• _Given data_
[Start of Attachment]
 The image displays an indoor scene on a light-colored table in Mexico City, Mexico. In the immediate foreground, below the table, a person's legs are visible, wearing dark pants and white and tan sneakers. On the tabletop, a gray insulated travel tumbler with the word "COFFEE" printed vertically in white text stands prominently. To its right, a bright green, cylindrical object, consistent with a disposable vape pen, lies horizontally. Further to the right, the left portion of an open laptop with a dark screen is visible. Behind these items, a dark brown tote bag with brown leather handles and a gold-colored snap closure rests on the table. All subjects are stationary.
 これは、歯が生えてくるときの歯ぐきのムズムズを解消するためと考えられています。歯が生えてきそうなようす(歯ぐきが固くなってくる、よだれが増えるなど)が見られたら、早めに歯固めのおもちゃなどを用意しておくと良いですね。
[End of Attachment]
[Start of Attachment]
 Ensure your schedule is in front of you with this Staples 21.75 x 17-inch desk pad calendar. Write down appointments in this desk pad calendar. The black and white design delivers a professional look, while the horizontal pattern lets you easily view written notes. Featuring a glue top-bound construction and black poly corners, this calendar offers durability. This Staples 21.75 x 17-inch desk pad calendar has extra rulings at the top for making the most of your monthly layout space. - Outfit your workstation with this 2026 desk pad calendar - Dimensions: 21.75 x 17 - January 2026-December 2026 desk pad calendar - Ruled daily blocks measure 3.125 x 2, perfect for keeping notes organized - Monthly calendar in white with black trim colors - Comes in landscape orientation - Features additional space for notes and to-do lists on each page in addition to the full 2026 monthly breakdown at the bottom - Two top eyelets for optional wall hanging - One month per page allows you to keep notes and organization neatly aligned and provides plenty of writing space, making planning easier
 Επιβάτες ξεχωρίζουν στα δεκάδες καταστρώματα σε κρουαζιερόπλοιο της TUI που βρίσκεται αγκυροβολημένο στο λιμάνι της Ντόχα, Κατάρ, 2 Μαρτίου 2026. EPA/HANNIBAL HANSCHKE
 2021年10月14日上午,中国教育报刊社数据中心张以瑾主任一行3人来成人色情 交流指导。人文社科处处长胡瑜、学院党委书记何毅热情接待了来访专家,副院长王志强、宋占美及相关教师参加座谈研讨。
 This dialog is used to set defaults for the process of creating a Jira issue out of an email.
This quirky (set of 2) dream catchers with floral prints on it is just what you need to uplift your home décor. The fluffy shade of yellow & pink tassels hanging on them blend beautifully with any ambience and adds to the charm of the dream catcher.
[End of Attachment]
[Start of Attachment]
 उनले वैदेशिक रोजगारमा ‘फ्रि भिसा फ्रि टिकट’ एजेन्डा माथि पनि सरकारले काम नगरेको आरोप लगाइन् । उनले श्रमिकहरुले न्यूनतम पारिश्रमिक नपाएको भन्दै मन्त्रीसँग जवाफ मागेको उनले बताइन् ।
[End of Attachment]
• _What you need to do_
For the string "your", find every line of the material that contains it, and copy each one.

• _Response area_
 Ensure your schedule is in front of you with this Staples 21.75 x 17-inch desk pad calendar. Write down appointments in this desk pad calendar. The black and white design delivers a professional look, while the horizontal pattern lets you easily view written notes. Featuring a glue top-bound construction and black poly corners, this calendar offers durability. This Staples 21.75 x 17-inch desk pad calendar has extra rulings at the top for making the most of your monthly layout space. - Outfit your workstation with this 2026 desk pad calendar - Dimensions: 21.75 x 17 - January 2026-December 2026 desk pad calendar - Ruled daily blocks measure 3.125 x 2, perfect for keeping notes organized - Monthly calendar in white with black trim colors - Comes in landscape orientation - Features additional space for notes and to-do lists on each page in addition to the full 2026 monthly breakdown at the bottom - Two top eyelets for optional wall hanging - One month per page allows you to keep notes and organization neatly aligned and provides plenty of writing space, making planning easier
This quirky (set of 2) dream catchers with floral prints on it is just what you need to uplift your home décor. The fluffy shade of yellow & pink tassels hanging on them blend beautifully with any ambience and adds to the charm of the dream catcher.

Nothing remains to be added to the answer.